PCR産物2及び3中の、天然のグアニンを7−デアザ類似体で置き換えることにより、酸化波の僅かな増加を招いた。Fe(bpy)3 3+/2+は、かなりの程度まで7−デアザグアニン損傷部と反応するのに十分に強力な酸化剤であった(E1/2=0.75V)(Kelley and Barton(1998)Chem.Biol.5:413−425;Yang,I.V.;Thorp,H.H.Inorg Chem.2001,40,1690−1697.)。事実、Fe(bpy)3 3+/2+に類似した酸化還元電位(E1/2=0.86V)を有する、Ru(Me2bpy)3 3+/2+とオリゴヌクレオチドの7−デアザグアニンとの反応は、溶液中のオリゴヌクレオチドでも電極表面上に固定化されたオリゴヌクレオチドでも、速かった。電極表面上に固定化されたzG損傷部の数は、オリゴヌクレオチド及びPCR産物で類似しているため、オリゴヌクレオチドに比して、固定化DNAポリマーでは7−デアザグアニンの反応性が減少していたようである。本研究における、減少した電流増強は、触媒の分解にも原因があろう。酸化された鉄の錯体は、本質的にルテニウムの錯体より安定性が低く、核酸の存在によって自己酸化過程が触媒される可能性があり、ポリアニオンへの結合は、金属の局所濃度を上昇させ、分解を促進する可能性がある。

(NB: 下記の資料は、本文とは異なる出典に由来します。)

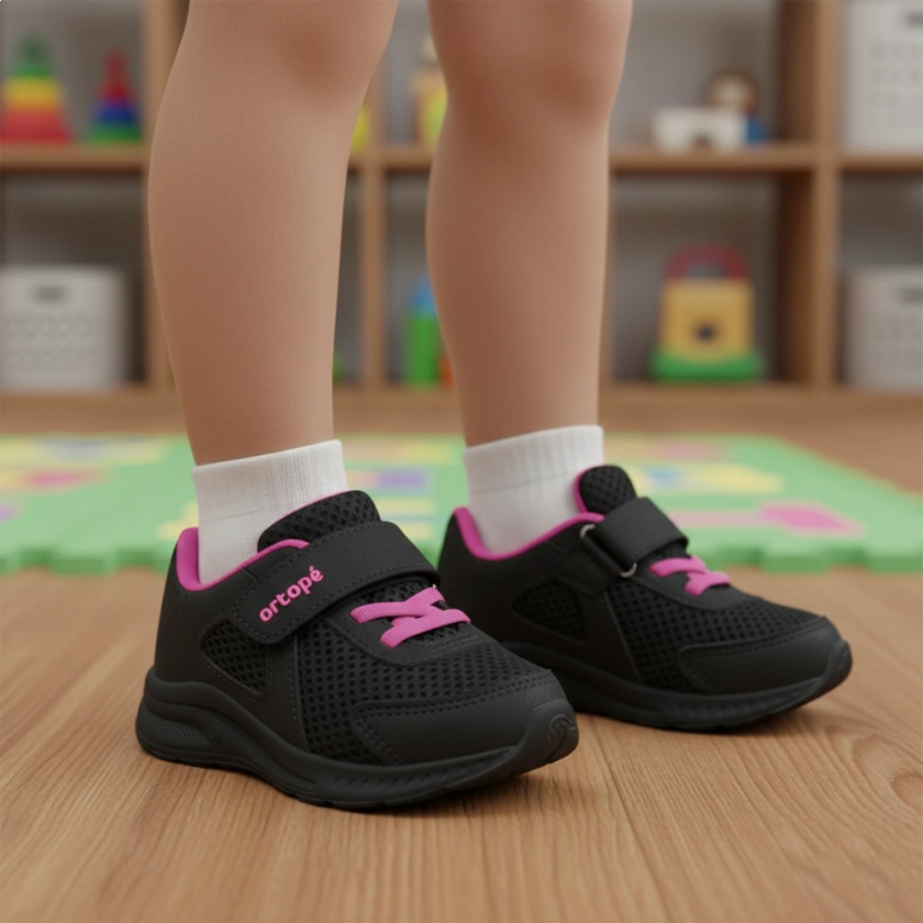 Tênis Infantil Feminino Ortopé DNA Flex Preto Pink foi pensado para o dia a dia de meninas, unindo conforto, resistência e o estilo lúdico que é a marca registrada da Ortopé. Este modelo da categoria Calçados infantis > Tênis na cor Preto traz um equilíbrio entre design e funcionalidade para acompanhar a rotina na escola, nos passeios e nas brincadeiras.
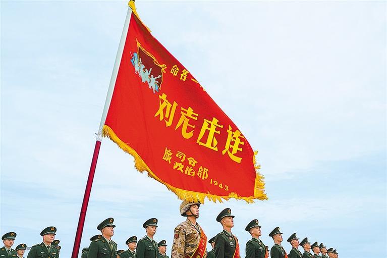 “我是‘刘老庄连’第6679名战士。我有勇气扛起这面连旗,我有勇气成为连队下一名英雄烈士……有我在,连旗不倒!”今年7月,新兵董洪运站在老连旗前庄严宣誓,成为连队最新的面孔。

ポリマーDNAの存在下で、RuOH2+錯体と、RuO2+形及びRuOH2+形との不均化が増強されることは、先に証明されている(Welchら(1997)Inorg.Chem.36:812−4821)。
グアニンが7−デアザグアニンで置き換えられるとき、鉄波(iron wave)における電流の増加は、Ru(bpy)3 3+/2+のピーク電流の大幅な減少を伴う。電流増強の減少は、グアニンが7−デアザ類似体で置き換えられるような、グアニン数の減少に起因する。天然のグアニンを含まないPCR産物で修飾された電極上のルテニウム波における残留電流増強は、一部のzG損傷部を、ルテニウムとの反応に利用できるままにしておく、鉄と7−デアザグアニンとの不完全反応に起因する公算が高い。この結果は、多数のzG塩基を含むオリゴヌクレオチドにおけるRu(Me2bpy)3 3+/2+との反応後の、7−デアザグアニンとRu(bpy)3 3+/2+との残留反応性に関する我々の観察結果に似ている。

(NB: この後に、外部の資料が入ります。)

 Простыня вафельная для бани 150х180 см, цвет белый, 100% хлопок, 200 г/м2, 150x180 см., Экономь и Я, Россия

3セットの独立した実験からの、2金属錯体に関する平均ピーク電流のヒストグラムを、図4Bにプロットする。より多いzG損傷部がPCR産物に組み込まれたとき、Fe(bpy)3 3+/2+波における電流増強はより顕著になったが、PCR産物1、2、及び3に関するピーク電流は、互いに誤差範囲内であった。再現性を高めるために、天然グアニン(7)又は75%の7−デアザグアニン(8)のいずれかを用いて、1200bpのPCR産物を合成した。全ての7−デアザ−dGTPが存在する条件下で、鋳型DNAの1200bp部分を増幅することは能率的であるため、全ての7−デアザグアニンを含むPCR産物は、この研究から除外した。より長いDNAポリマー中に、より多数のzG損傷部が存在することにより、より多い電流増強を招く可能性がある。触媒の分解に関連する問題を緩和するために、Fe(bpy)3 2+もRu(Me2bpy)3 2+と置き換えた。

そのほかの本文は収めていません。